I sit again , after the morning kora , in the New Orleans Cafe. The Boudha stupa shows just how heavy the rains have been , the whitewash being rinsed away from all nearly flat surfaces. The morning paper carries a story of of three villagers being killed in a flash flood near the border, an irregular event in early October. I'm still on a eating binge , after the ATM run (mostly on tsampa , tea & dried fruits) and generally being dhaba'd out. The New Orleans serves perfectly mellow potatoes , salads (something I normally don' touch on the subcontinent) and apple pies .. at a price. The kora revolves just outside the open doorway : monks , teens in jeans .. with iPods and malas, a prostrator with ironsoled flipflops as hand protection, and tourists of course. The doorway nags at the edge of my consciousness : I like sitting at the one table there , with my notebook and camera , but when I walk by it later I get to see it from the outside : the doorway becomes the frame for a shooting gallery for camera wielders.



Photography ... can't avoid the subject any longer. Source of many of my best experiences ... and equally the worst. It's easy to distance oneself from the
picture , and in some ways the the telling true tales of horror are related to the "real traveler " myth : content is to varying extent real , but the function is to boost the self image.

On the other hand , there are real issues. Two years ago in Ladakh , I went in to center court of a Ladakhi monastery - during services - to bring back (controlled words but face flaring like a Mahakala ) a tourist who used the altar as a support for his video camera.
Today the word hunting pack pops up in my mind as I see some groups shining up as groups of monks or Tibetan women comes in to range. A few makes the tactical choice of walking crosscurrent to the stream of kora walkers - something which requires some conscious effort , cuts you out of any blending or participatory experience ... but gives you the face shot.
The language in photography is propietary , exclusive : you take the shot , you shoot film (or chips) ... and then on the other hand digital photography has wrought a major change. When I first arrived here with a camera it was seen one of the obscure things that angrezis devoted themselves to . Today I meet people who take their right to their self image as granted : take a photo ... sure ... now show me . The way it should be, and often a source for joy . The Tibetan pilgrims from Nakchu and I had a lot more in common than one would think of first : places we both had been to , places we wanted to go to .. all unraveling as we went through a full 512 mb memory card.
And ,reactions to the blaring insensitivities aside, one must keep things in perspective : most people try to be nice . Seeing the odd crosscurrent walkers brings home one of two points : either their actions , or how few they actually are.
Responsibility is after all individual ... and includes the option of just standing in the way of the telephoto lens at the right moment.

Yesterday I had an other sudden flash of outside view of ourselves in the small garden of the New Orleans , eating organic vegetables and imported Italian pasta as the construction workers hang on bamboo poles above us , legs curled around the bamboo , tying together the scaffolding.
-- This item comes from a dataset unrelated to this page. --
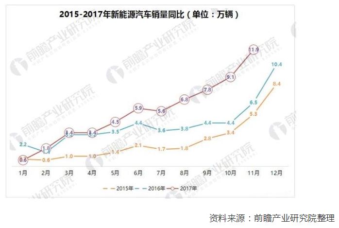 從產(chǎn)銷規(guī)模來看,我國新能源汽車在全球市場的比重已超過50%;據(jù)前瞻產(chǎn)業(yè)研究院統(tǒng)計(jì)數(shù)據(jù)顯示,2017年1-11月,新能源汽車產(chǎn)銷分別完成63.9萬輛和60.9萬輛,同比分別增長49.7%和51.4%。保守估計(jì),今年中國新能源汽車的產(chǎn)銷會(huì)達(dá)到70萬輛左右,截止2017年保有量將會(huì)突破170萬輛左右。

We sat , not with elongated earlobes from the jewellery , but with sloping shoulders from our digital SLR:s , as in a modern day Kapilavastu court. GoreTex , the silk of today. To complete the irony one of the most common books found on the coffe tables is Siddharta - a book about a man who actually left his sheltered life and confronted himself with the realities of of living outside the court.

IndiaMike carried the same day a story on how a quarter of a billion of Indias citizens live on 14 rupees a day - which is a lot less than what we pay for the Darjeeling tea in the New Orleans.